**Extracted material**:

__________

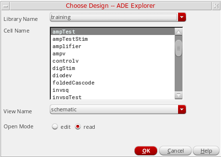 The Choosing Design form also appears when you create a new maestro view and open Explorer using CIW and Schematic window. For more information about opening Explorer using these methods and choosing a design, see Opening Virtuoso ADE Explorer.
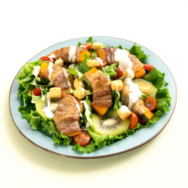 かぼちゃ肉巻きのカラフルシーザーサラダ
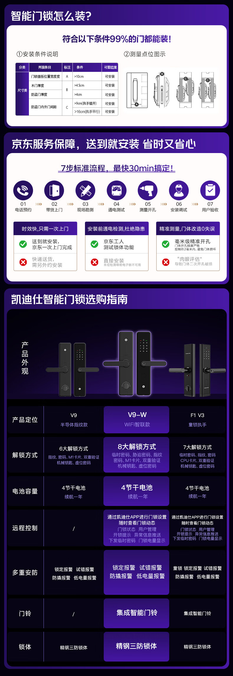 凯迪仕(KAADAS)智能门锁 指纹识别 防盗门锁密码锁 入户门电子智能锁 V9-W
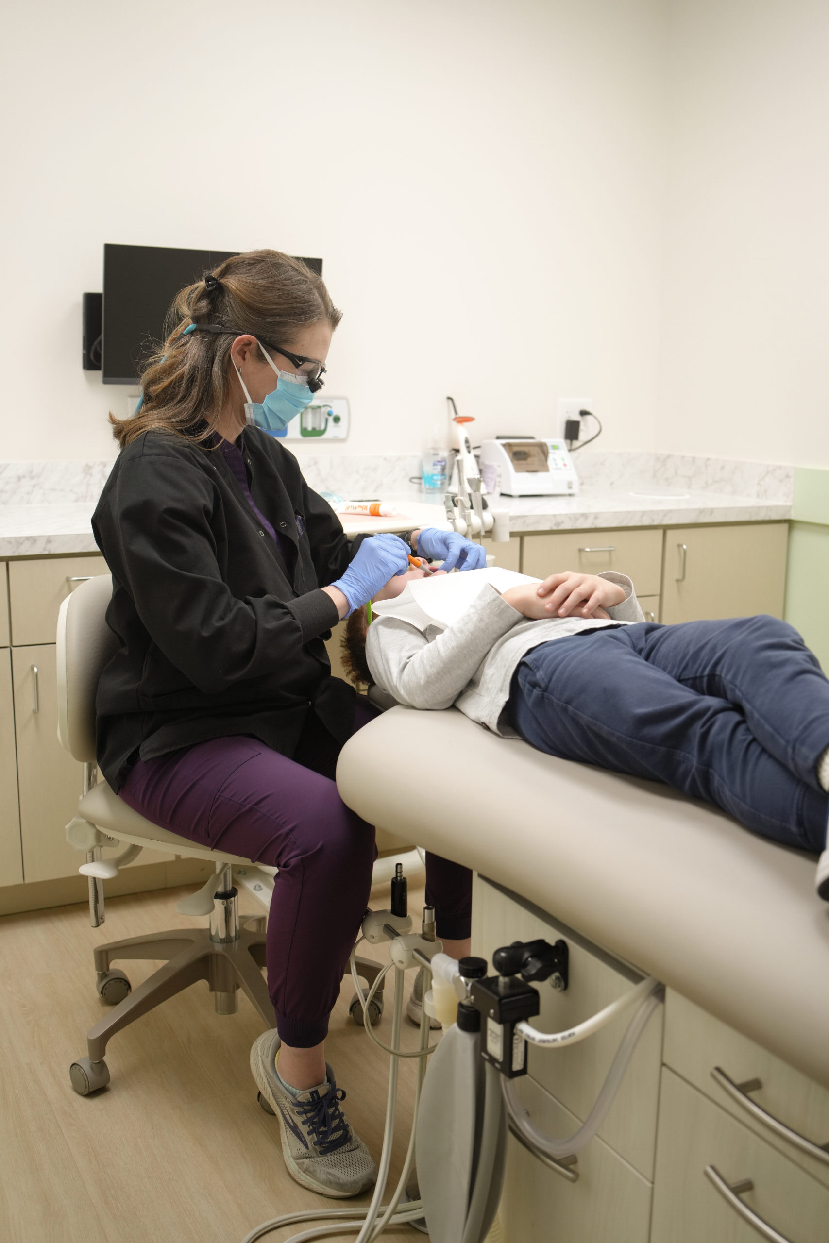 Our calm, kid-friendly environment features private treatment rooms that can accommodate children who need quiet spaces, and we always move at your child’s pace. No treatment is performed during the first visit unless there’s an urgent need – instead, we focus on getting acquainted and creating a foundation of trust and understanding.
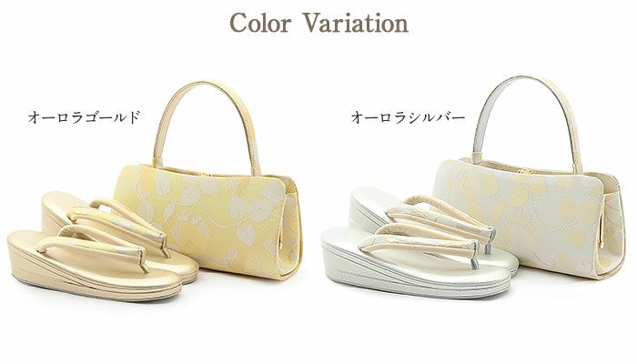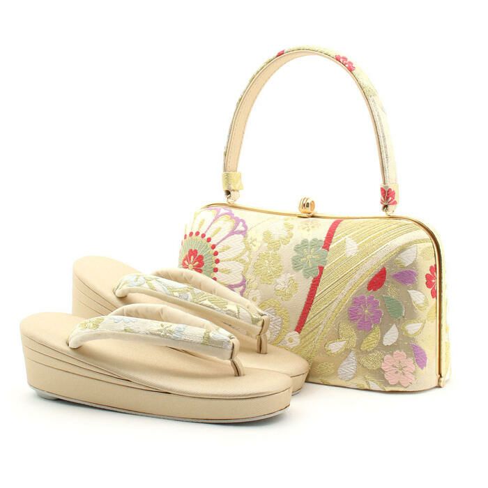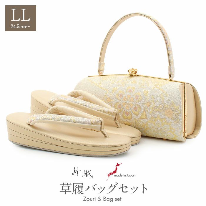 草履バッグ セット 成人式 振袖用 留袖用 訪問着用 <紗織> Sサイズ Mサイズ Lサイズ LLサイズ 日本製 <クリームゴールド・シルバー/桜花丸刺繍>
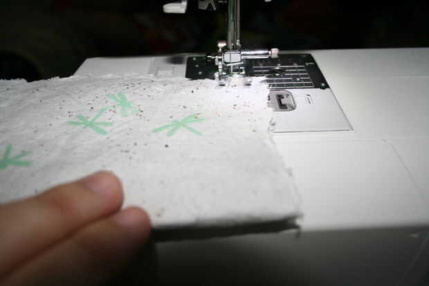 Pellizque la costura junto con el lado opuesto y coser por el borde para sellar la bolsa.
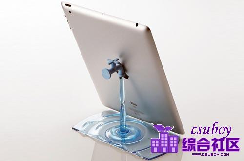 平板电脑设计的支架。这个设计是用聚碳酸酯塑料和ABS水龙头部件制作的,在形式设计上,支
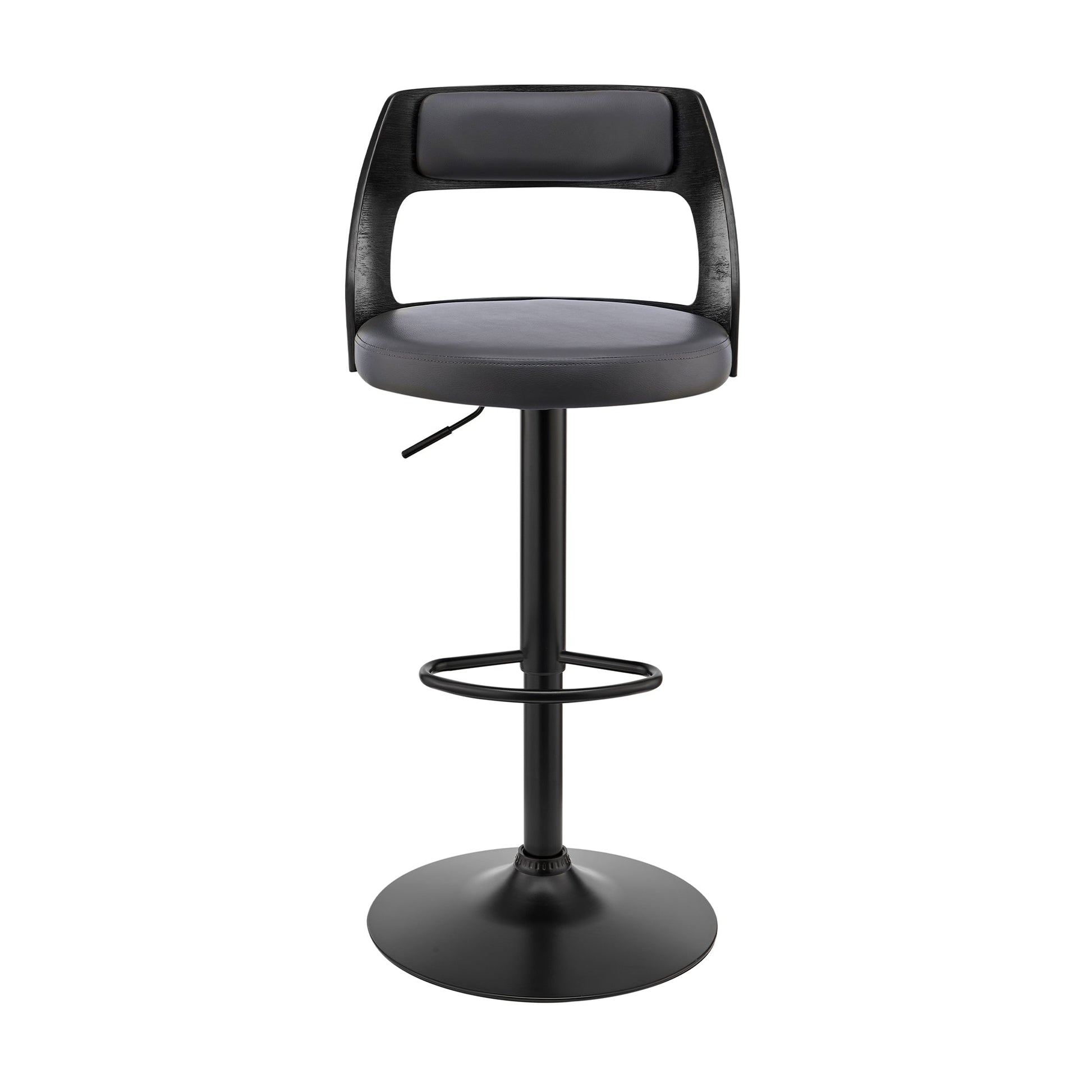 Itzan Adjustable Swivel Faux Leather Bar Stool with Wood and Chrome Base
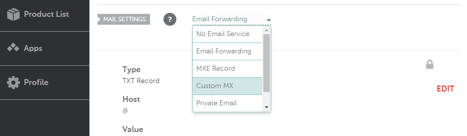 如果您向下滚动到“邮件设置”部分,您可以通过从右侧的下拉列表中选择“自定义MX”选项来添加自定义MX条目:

__________

**Exercise brief**:
Extract all the data above exactly, excluding every picture.

**Result of this exercise**:
 The Choosing Design form also appears when you create a new maestro view and open Explorer using CIW and Schematic window. For more information about opening Explorer using these methods and choosing a design, see Opening Virtuoso ADE Explorer.
 かぼちゃ肉巻きのカラフルシーザーサラダ
 凯迪仕(KAADAS)智能门锁 指纹识别 防盗门锁密码锁 入户门电子智能锁 V9-W
 Our calm, kid-friendly environment features private treatment rooms that can accommodate children who need quiet spaces, and we always move at your child’s pace. No treatment is performed during the first visit unless there’s an urgent need – instead, we focus on getting acquainted and creating a foundation of trust and understanding.
 草履バッグ セット 成人式 振袖用 留袖用 訪問着用 <紗織> Sサイズ Mサイズ Lサイズ LLサイズ 日本製 <クリームゴールド・シルバー/桜花丸刺繍>
 Pellizque la costura junto con el lado opuesto y coser por el borde para sellar la bolsa.
 平板电脑设计的支架。这个设计是用聚碳酸酯塑料和ABS水龙头部件制作的,在形式设计上,支
 Itzan Adjustable Swivel Faux Leather Bar Stool with Wood and Chrome Base
 如果您向下滚动到“邮件设置”部分,您可以通过从右侧的下拉列表中选择“自定义MX”选项来添加自定义MX条目:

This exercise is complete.